Natal Conference Speech
Why the Natal Conference should be disbanded as soon as possible, why you need to care less about your kids, and why I am not a Pro-Natalist™
Here is my speech from last week’s Natal Conference in Austin. Thank you to all of the organizers and to everyone at @natalismorg. Despite the focus of my speech, I have a great deal of respect for everyone involved and I’m grateful for their efforts.
[round of applause for the organizers]
[joke]
Now that I’ve softened you up, I’m going to explain why this conference should be disbanded as soon as possible.
This talk is going to consist of two overlapping and intentionally provocative points that by the end I hope to convince you are in fact just plain common sense and align with the interests of everyone in this room.
The first point is that most people need to care a lot less about their kids.
The second point is that I am not a Pro-Natalist and you shouldn’t be either.
Point one, you need to care less about kids: Relatively affluent, high-agency parents—precisely the kind of people in this room—are investing excessive resources, time, and attention into their children. This over-investment reduces the number of children parents feel comfortable having, diminishes parents’ own quality of life, and, counterintuitively inhibits the full maturation and independence of the children subjected to this intense and unnatural parental focus.
A useful model from biology are the concepts of K-selection species and R-selection species. Briefly, K-selected species—such as elephants—have relatively few offspring but invest substantial time, resources, and care into each child’s survival and development, expecting high individual success rates. In contrast, R-selected species—like insects, rabbits, or fish—produce many offspring but offer minimal parental intervention. These offspring are largely left to fend for themselves, with survival dependent on their individual adaptability, resilience, and ability to navigate unpredictable environments independently.
For all of the pedants out there, yes, I understand that humans are a K-selected species. I am not making a technical, biologically precise point. However, given this framework, I am suggesting that parents, again parents within this particular socio-economic milieu, should instead adopt more R-selected parenting strategies as a cultural norm.
Before getting into what a more R-selected parenting strategy would look like in practice and why it’s good, let me first describe what our current over-compensated K-selection strategy looks like and why it’s bad.
Firstly, is the premise true? Anecdotally, yes. Virtually every parent I know of school age children within the category, broadly speaking, of upper middle-class, college educated professionals either has a borderline pathological obsession with their kids’ activities and interests, to the point that it consumes everything they think and do as a family, or else have made an active effort to remove their families from these circumstances.
It is also empirically true. Study after study after study over the last couple decades has documented that parental time investment in child “activities” has doubled since the 1970s, that heightened competition for college admissions has drastically escalated parental resource investment, all premised on a broad cultural shift toward structured, intensive parenting practices with adverse effects on both parents and childrern. As far as I am aware, none of these trends are at all controversial or in dispute.

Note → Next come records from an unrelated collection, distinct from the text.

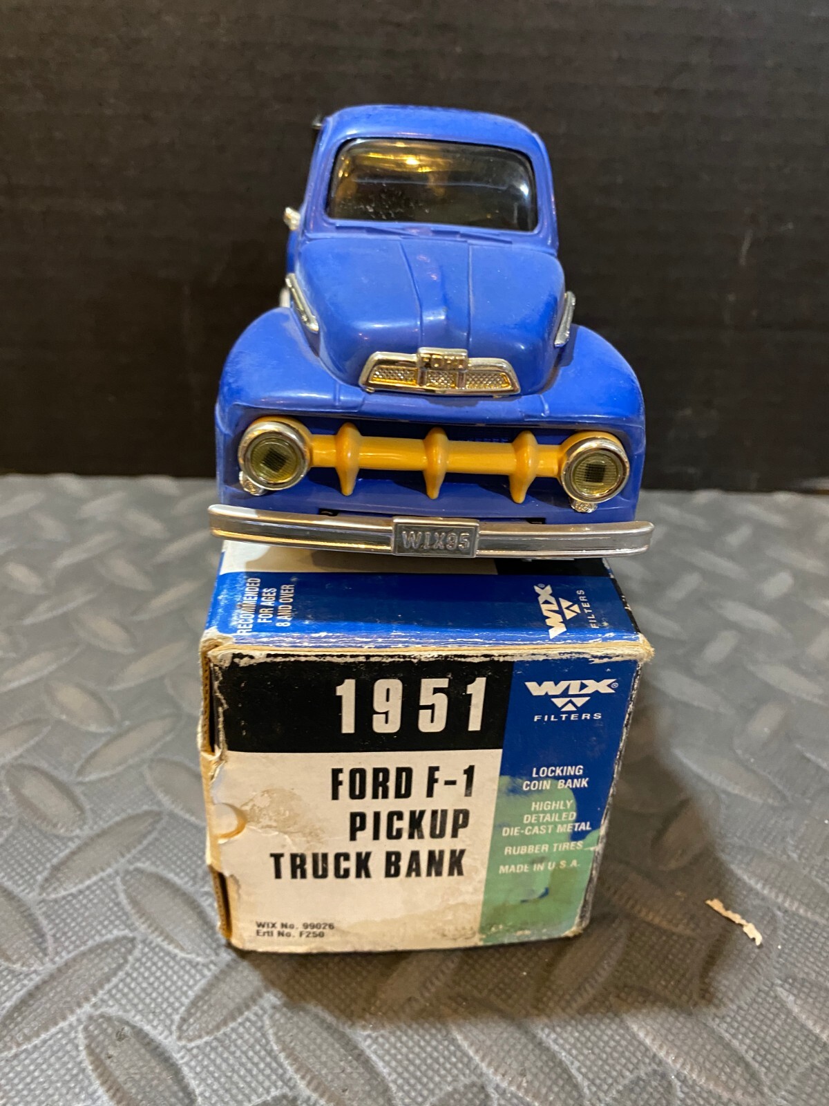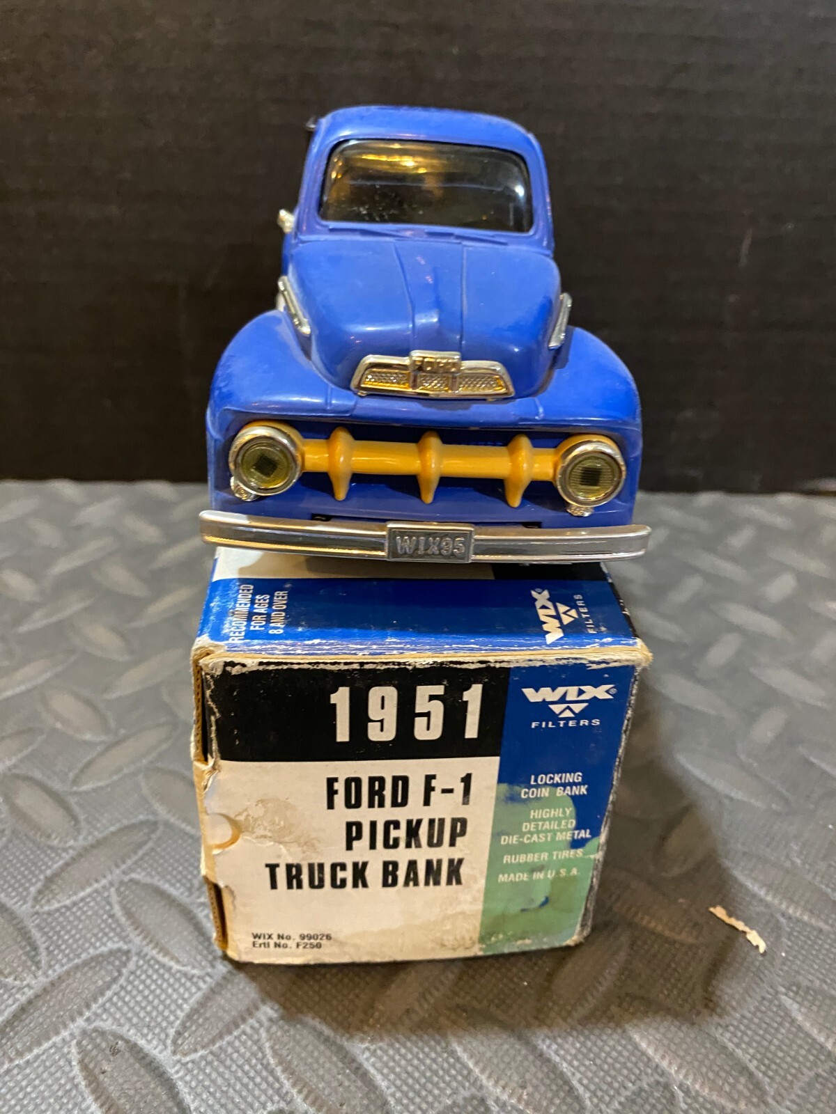 1:25 ERTL VINTAGE BANK 1951 FORD F-1 TRUCK WIX FILTERS WITH EXTRA TIRES BAD BOX
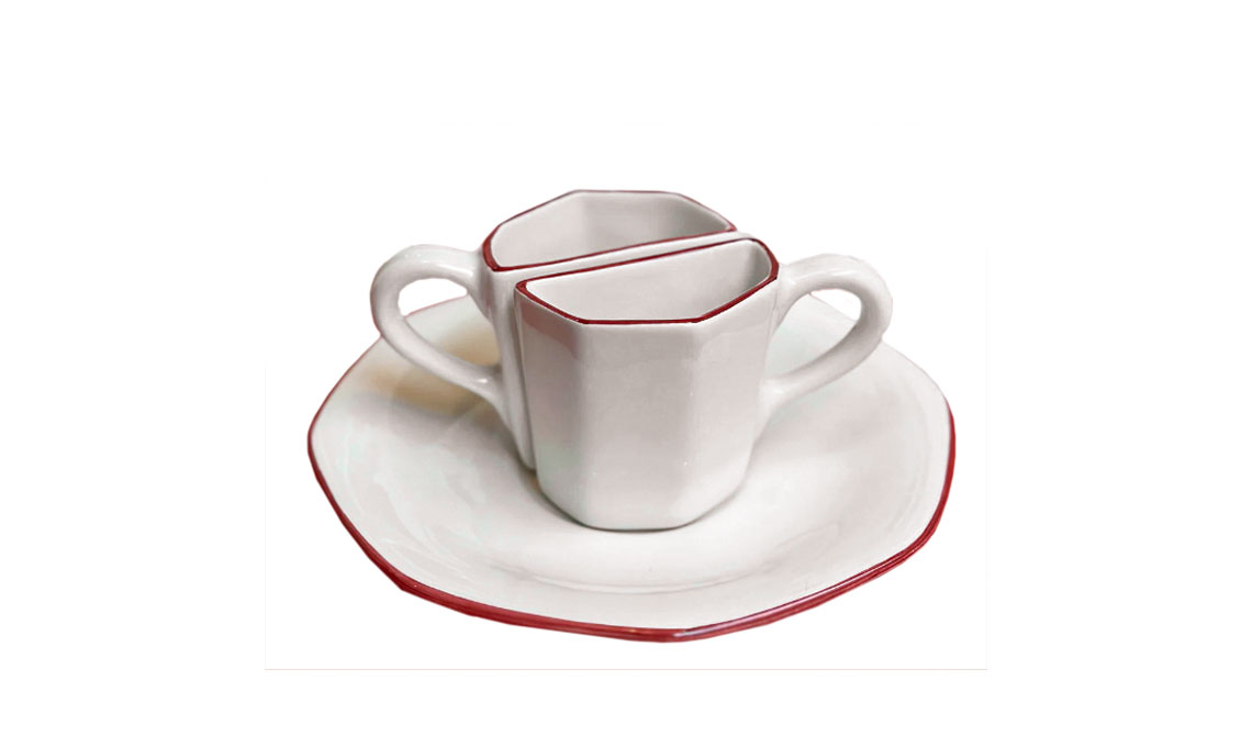 - Set caffè di tazzine Split con bordi rossi della coll. V.VM
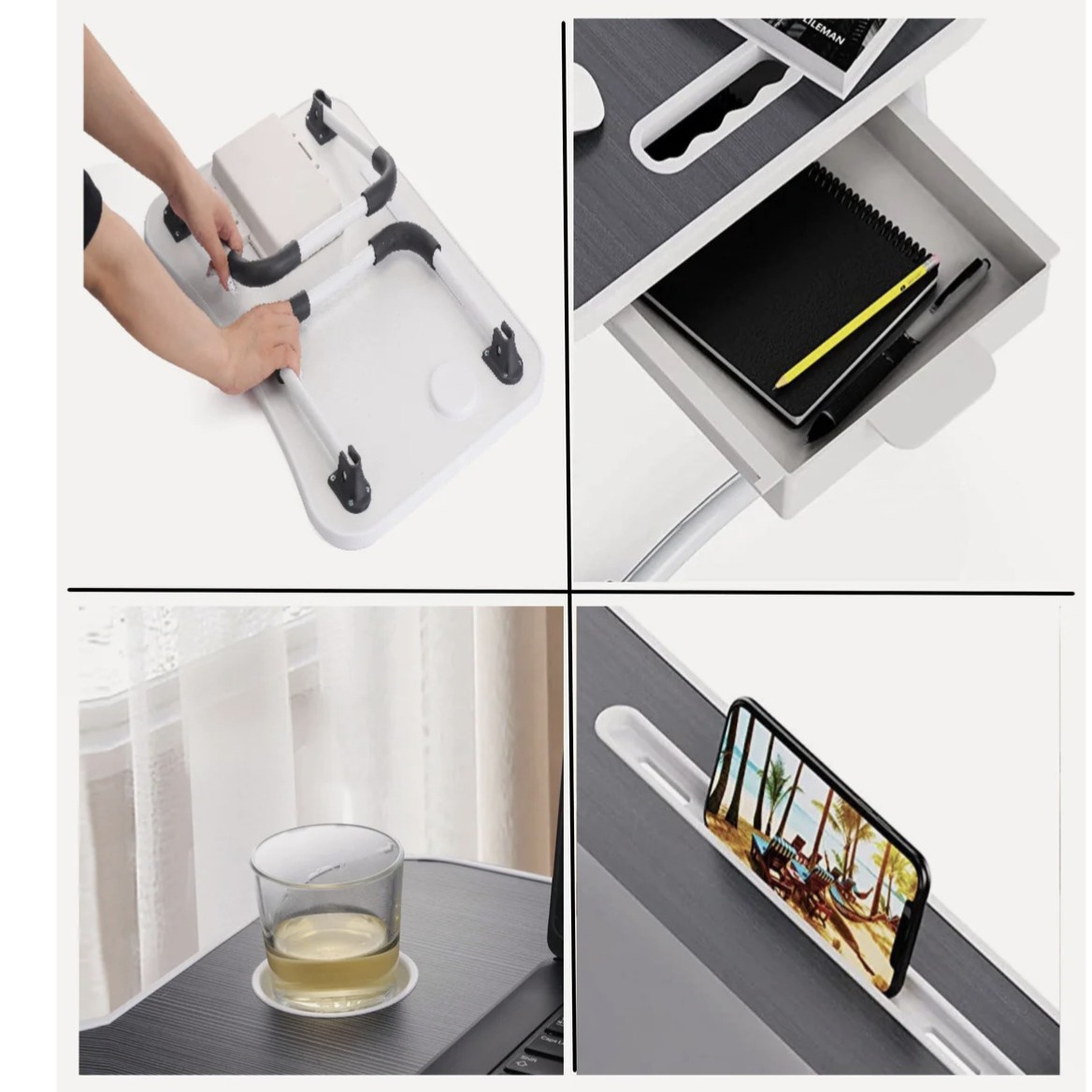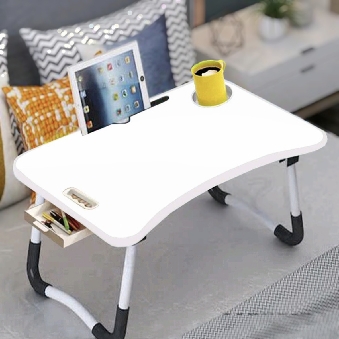 میز تحریر تاشو مناسب لپ تاپ و تبلت و گوشی با امکاناتی منحصر بفرد و با کیفیت ترین قطعات با صفحه ای از جنس ام دی اف و پایه های فلزی ضد لغزش شامل: جالیوانی، جاتبلت و گوشی دستگیره، جامدادی کشویی که در دو رنگ سفید و مشکی می باشند معمولا همگی سفید یا همه مشکی می باشند . به صورت تصادفی و یا به صورت سفارشی سایز: 45*65با ارتفاع 29سانتیمتر سفید براق وایت بردی 🌹لبه های میز با پی وی سی رنگ سفید کار شده 🌹 این میز مناسب برای استفاده روی زمین،تخت،مبل،بصورت نشسته یک میز سبک و قابل حمل🌹 این میز تاشو برای لپ تاپ، تبلت و تلفن همراه یا ساختن صنایع دستی مناسب است. همچنین می توان برای استفاده آن را روی مبل یا زمین بگذارید . قسمت بالای میز محلی به طول 28 سانتی متر طراحی شده است که می توان از آن برای قرار دادن موبایل ، تبلت ، کتاب و .... استفاده کرد و از دو شیار دایره ای شکل سمت چپ و راست برای قرار دادن قلم خودکار ماژیک و .... استفاده می شود. علاوه بر این یک نگهدارنده فنجان وجود دارد عمق آن 3.5 سانتی متر و قطر داخلی آن 7.5 سانتی متر است و بدون نگرانی از ریختن نوشیدنی ، فنجان خود را در آن قرار دهید. یک کشو در زیر میز بعنوان جامدادی قرار گرفته صفحه این میز از MDF درجه یک موجود در بازار ایران وقطر16میلیمتر ساخته شده و پایه لوله از جنس آهن با رنگ استاتیک ساخته شده است. این میز دارای طراحی خمیده ارگونومیک ، محکم و بادوام است و تحمل وزن تا 45 کیلو گرم را دارد. میز بسیار سبک و حمل آن آسان است. این میز نیازی به نصب ندارد و هنگام باز شدن می توان مستقیماً از آن استفاده کرد 🌹 می توان به عنوان یک میز کوچک پیک نیک نیز استفاده شود.🌹 🌹🌹🌹🌹🌹🌹این میز بصورت بدون جای دسته ویا هر تغییر قابل اجرا هم قابل سفارش می باشد فقط قبل از خرید هماهنگ کنید🌹🌹🌹🌹🌹🌹
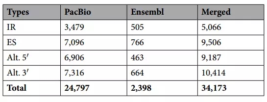 共獲得802,358個ROIs序列,其中有1.466,034全長非嵌合(FL)序列和316,000非全長(nFL)序列。

To illustrate precisely how distorted the incentives driving hyper-intensive K-selection parenting have become, I will draw your attention to a recent—and profoundly misguided—statement by Vivek Ramaswamy from a few months ago. For those who don’t remember, weighing into the Christmas H-1B dust-up on X, Vivek made the incendiary case that the reason top tech companies often prefer foreign-born engineers over native-born Americans is because American culture has supposedly “venerated mediocrity over excellence” for decades. His prescription was that we need to celebrate math Olympiads and Spelling Bee champs instead of athletes, and that American kids urgently need fewer sleepovers, and more math tutoring and weekend science competitions.
While a profound political blunder, Vivek’s statement nonetheless embodies precisely the perverse, anxiety-driven logic that has produced our runaway K-selection problem. Vivek’s diagnosis assumes that childhood itself should be structured as one long resume-building exercise—every waking moment dedicated to narrowly defined academic excellence or competitive STEM achievement. It assumes, disastrously, that obsessive micromanagement is the hallmark of effective parenting, and while parents and the American commentariat rightly criticized him for his presumptuous advice, Americans unfortunately, and increasingly, live according to its precepts.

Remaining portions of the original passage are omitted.